Лица солдата Димка не видел.

Но уже в тот момент, когда только возникла в бинокле эта бегущая фигура, когда рядом с Димкой кто-то прокричал: «Прекратите огонь! На стрельбище люди!» — Димка уже знал: это Лебедев.

Понадобилось еще некоторое время, чтобы команда дошла до огневого рубежа, автоматы продолжали стрелять, и за эти несколько секунд солдат там, на склоне холма, добежал до двух маленьких фигурок, толкнул их на землю и сам упал рядом с ними…

Димка оторвал глаза от бинокля.

Он увидел отца, который бежал к вышке, увидел молоденького лейтенанта, командира взвода, который бежал от вышки, услышал, как последний раз коротко стукнула и оборвалась автоматная очередь.

Солдаты, которые еще минуту назад спокойно сидели в тени вышки, вскочили и взволнованно переговаривались между собой.

Все смотрели в ту сторону, где кончалось стрельбище, где в траве, не поднимая головы, лежал Лебедев…

2

Лебедев был первым солдатом, с которым познакомился Димка.

Два месяца назад Димка с матерью приехали сюда, к отцу, и поселились в трехэтажном кирпичном доме на самом краю военного городка.

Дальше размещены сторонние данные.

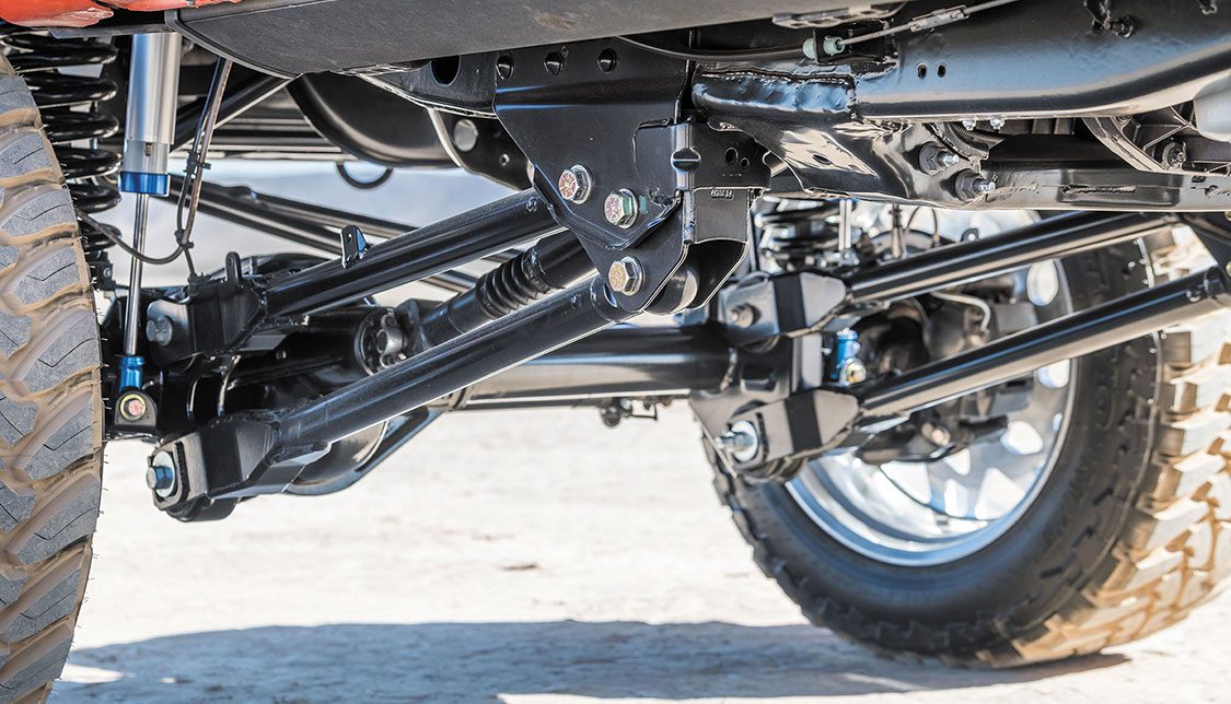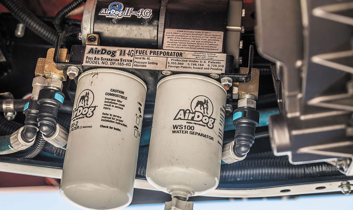 The Cummins has been bored .020 over stock, the block deburred and all new high quality internals fitted. Parts like Carillo Rods, Mahle Pistons, Hamilton cams, valves, lifters and pushrods and even a big S369 SXE Turbo with race cover and a billet wheel have been fitted. An Airdog 220 GPH, 12mm Stroker-BD Diesel Injection Pump and Exergy Injectors all add to this impressive engine package. An HP Tuner tuned by Firepunk Diesel helps the truck put down 1500 ft/lb torque and 800 HP.
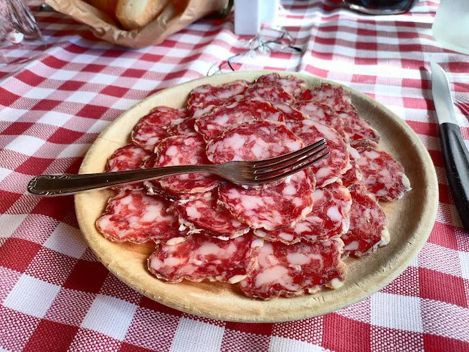 - Antipasti: salame, pancetta, lardo, frittate alle verdure e cetrioli in agrodolce.
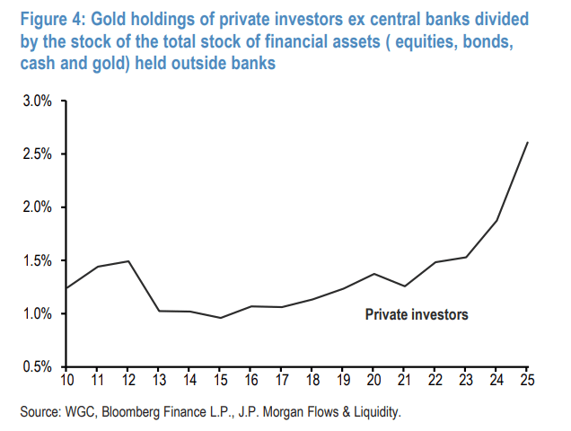 策略师Nikolaos Panigirtzoglou领导的团队指出,如果全球非银行私人投资者将其金融资产中黄金的配置比例从目前的2.6%提升至4.6%,那么到2028年,金价可能需要从当前水平上涨110%才能满足这一需求。

Этот дом сразу понравился Димке, потому что не имел обычного городского адреса, а назывался ДОС № 3, что в переводе на нормальный язык означало «дом офицерского состава». Прямо возле дома были вкопаны турник и брусья — пожалуйста, подходи, занимайся, укрепляй свои мускулы, а сразу за забором начинался лес.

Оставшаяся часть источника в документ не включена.